Nepal’s new leader expected to delicately balance Chinese and Indian influence

By Zhang Shubin Source:Global Times Published: 2017/6/19 21:28:39

Illustration: Liu Rui/GT

On May 24, Pushpa Kamal Dahal, also known as Prachanda, chairman of the Communist Party of Nepal (Maoist-Centre), resigned as prime minister. Following an agreement reached earlier with Nepali Congress President Sher Bahadur Deuba, Prachanda handed over his leadership to Deuba after nine months in office.

Sandwiched between China and India, Nepal has been termed as "a yam between two rocks" by King Prithvi Narayan Shah. Although Nepal has signed a memorandum of understanding with China to become part of the Belt and Road initiative, whether it can play its geographical advantages and become a dynamic bridge connecting China and India as well as other South Asian countries depends on its domestic situation.
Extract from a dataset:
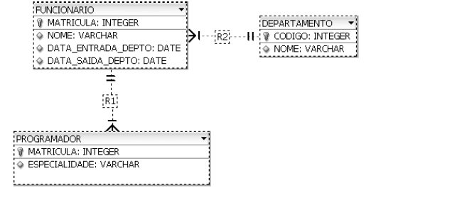 A relação R1 do diagrama relacional apresentado poderia ser denotada por uma especialização no modelo entidade-relacionamento.Ciência da Computação - Modelo de Entidade-Relacionamento - Centro de Seleção e de Promoção de Eventos UnB (CESPE) - 2009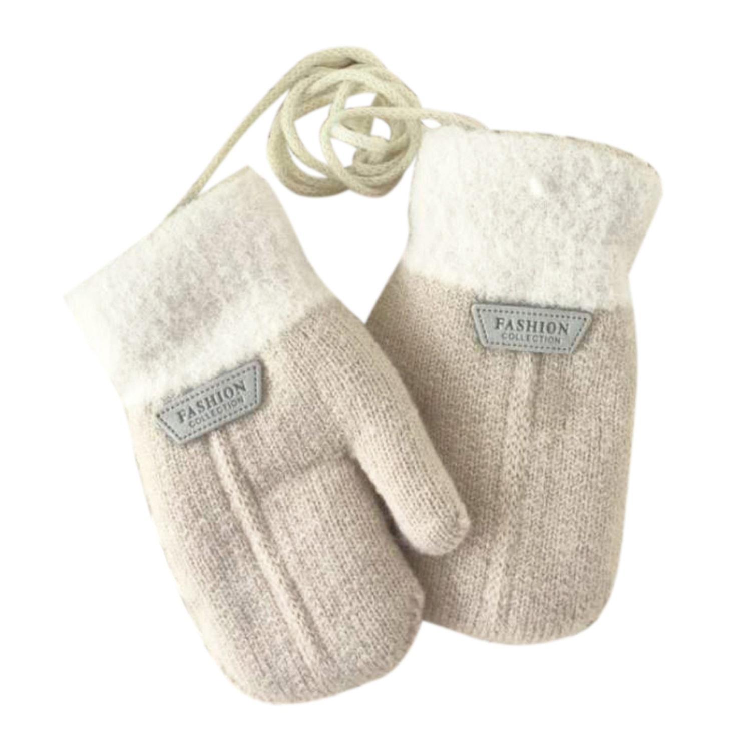1 Pair Hanging Rope Halter Thickened Fleece Lining Winter Gloves Letter Logo Solid Color Baby

The King warned his successors to maintain a balance between China and India in order to achieve the most benefits for Nepal. This balancing act has become an eternal subject for all of Nepal's leaderships.

Since Nepal adopted its new constitution in September 2015, it has had three prime ministers respectively from the three major political parties: Communist Party of Nepal (Unified Marxist-Leninist) Chairman Khadga Prasad Oli, Communist Party of Nepal (Maoist-Centre) Chairman Prachanda and Nepali Congress President Deuba. None of their tenures exceeded or will exceed one year.

When in office, Oli turned to China for support due to a blockade from India. India, with its negative attitude toward Oli, supported Prachanda as prime minister to break up the coalition between the Unified Marxist-Leninist and Maoist-Centre parties, forcing Oli to resign.

Since his second term, Prachanda has adopted pro-India policies, putting the cooperation agreement signed by Oli and China on ice. Deuba is holding power, and it is worth noting whether he can maintain a balance between China and India and seek benefits for the Nepalese people.

The relationship between the Nepali Congress and India has always been smooth. Deuba, with his rich political experience, can be more effective in dealing with Nepal's relations with China and India than his predecessors.

On May 12, Nepal formally signed the memorandum of understanding on China's Belt and Road initiative. Two days later, Nepal successfully held its first round of local elections. All these make Nepal look forward to its cooperation with China under the framework of the initiative.

The common aspirations of the people in Nepal are to achieve political stability as soon as possible, to benefit from the rapid development of China and India, and to get rid of poverty.

China has the willingness, technical strength and financial strength to help Nepal carry out post-earthquake reconstruction, infrastructure construction, and water resources development. India should support Nepal's cooperation with China and efforts to achieve an economic take-off through the Belt and Road initiative.

Recent Sino-Indian relations are at a low ebb. India refused to attend the Belt and Road Forum for International Cooperation due to its concerns over the China-Pakistan Economic Corridor which passes through Pakistan-occupied Kashmir. India also harbors a grudge against China for its failure to join the Nuclear Suppliers Group. In addition, India is unsatisfied with China blocking its bid at the UN to blacklist Jaish-e-Mohammad leader, Maulana Masood Azhar.

India allowed the Dalai Lama and former US ambassador to India Richard Verma to visit South Tibet, which harmed China's interests. Nevertheless, China does not oppose India's inclusion into the Shanghai Cooperation Organization.

China, Nepal and India should strengthen cooperation, abandon zero-sum thinking, and seek win-win situations. It is believed that the Deuba administration has the ability to deal with China and India, and work toward the well-being of the Nepalese people. It is expected that Nepal, under the leadership of Deuba, will realize a democratic transition to lay a good foundation for long-term and stable development.

The author is a research fellow with The Chahar Institute and director of Nepal Study Center at Hebei University of Economics & Business.